-------- Data extract
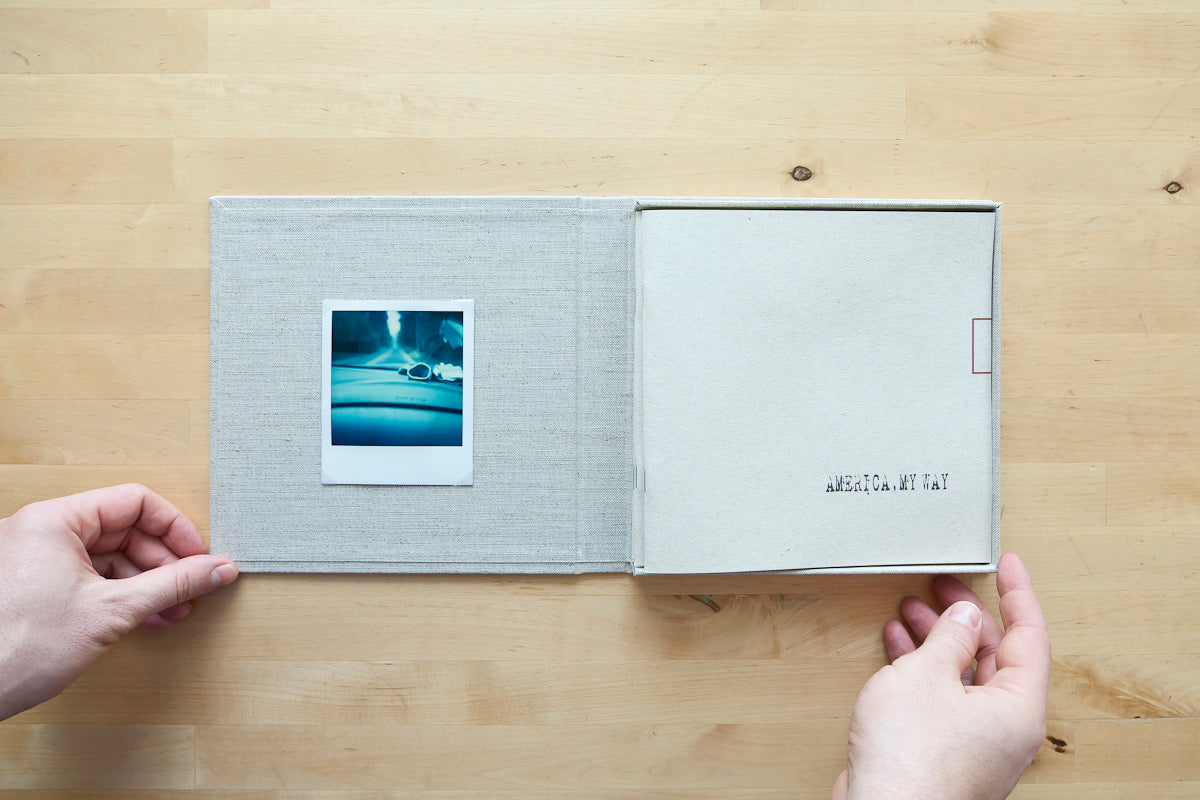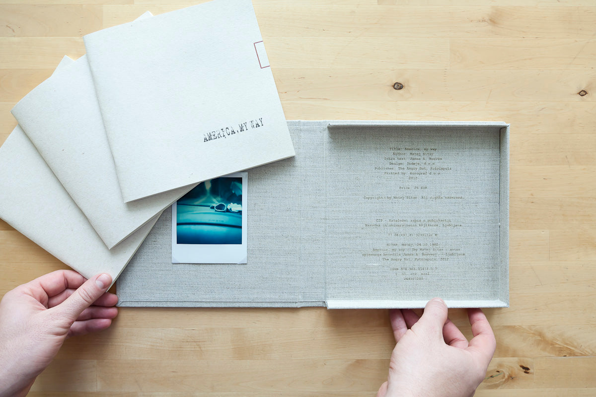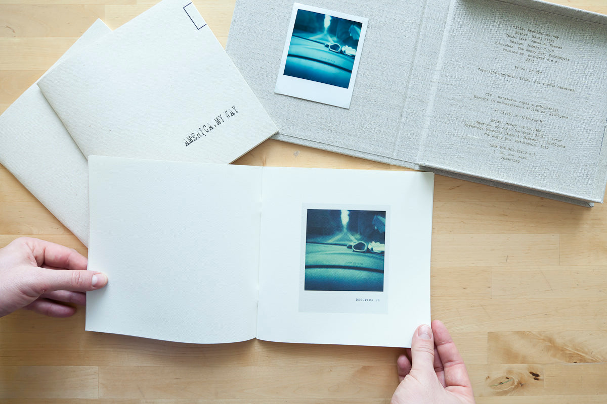 The book concentrates on selected moments of a journey across the American landscape. It can be understood as 3 different journeys across the country as each book contains repeating pictures in every book (9) as well as changing pictures (30). The aim of this approach is to show the vast amount of possibilities that a journey can offer. If you open all the booklets on the same page, this alternative pictures function as triptychs, forming a unity. The series presents an intimate view of the experiences of a visitor in a foreign country. It has been presented in various exhibitions in Europe and the USA and it won 3 awards.
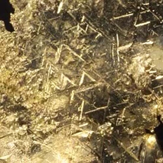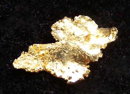 Specimen of solid Gold, known as 'leaf Gold' from the EAgle's Nest Mine in California's Mother Lode. Small, slightly undulating sheet of solid Gold that can be displayed equally well from either side. On the surface, under magnification you can trigon crystal forms. Weighs 0.06 grams.
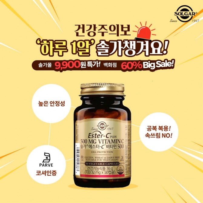 프로모션은 솔가몰과 백화점 입점 매장∙종합몰 등에서 만날 수 있다. 솔가몰에서는 오는 11일까지 '솔가 에스터-C 500'을 72% 할인된 9900원에 구입할 수 있다. 백화점 입점 매장에서는 이달 한 달간 솔가 에스터-C 500을 60% 할인하고 종합몰에서는 1+1 이벤트를 벌인다.
----------------
* _Task details_: Copy the entire listing exactly but skip the pictures.

* _Expected answer_:
 The book concentrates on selected moments of a journey across the American landscape. It can be understood as 3 different journeys across the country as each book contains repeating pictures in every book (9) as well as changing pictures (30). The aim of this approach is to show the vast amount of possibilities that a journey can offer. If you open all the booklets on the same page, this alternative pictures function as triptychs, forming a unity. The series presents an intimate view of the experiences of a visitor in a foreign country. It has been presented in various exhibitions in Europe and the USA and it won 3 awards.
 Specimen of solid Gold, known as 'leaf Gold' from the EAgle's Nest Mine in California's Mother Lode. Small, slightly undulating sheet of solid Gold that can be displayed equally well from either side. On the surface, under magnification you can trigon crystal forms. Weighs 0.06 grams.
 프로모션은 솔가몰과 백화점 입점 매장∙종합몰 등에서 만날 수 있다. 솔가몰에서는 오는 11일까지 '솔가 에스터-C 500'을 72% 할인된 9900원에 구입할 수 있다. 백화점 입점 매장에서는 이달 한 달간 솔가 에스터-C 500을 60% 할인하고 종합몰에서는 1+1 이벤트를 벌인다.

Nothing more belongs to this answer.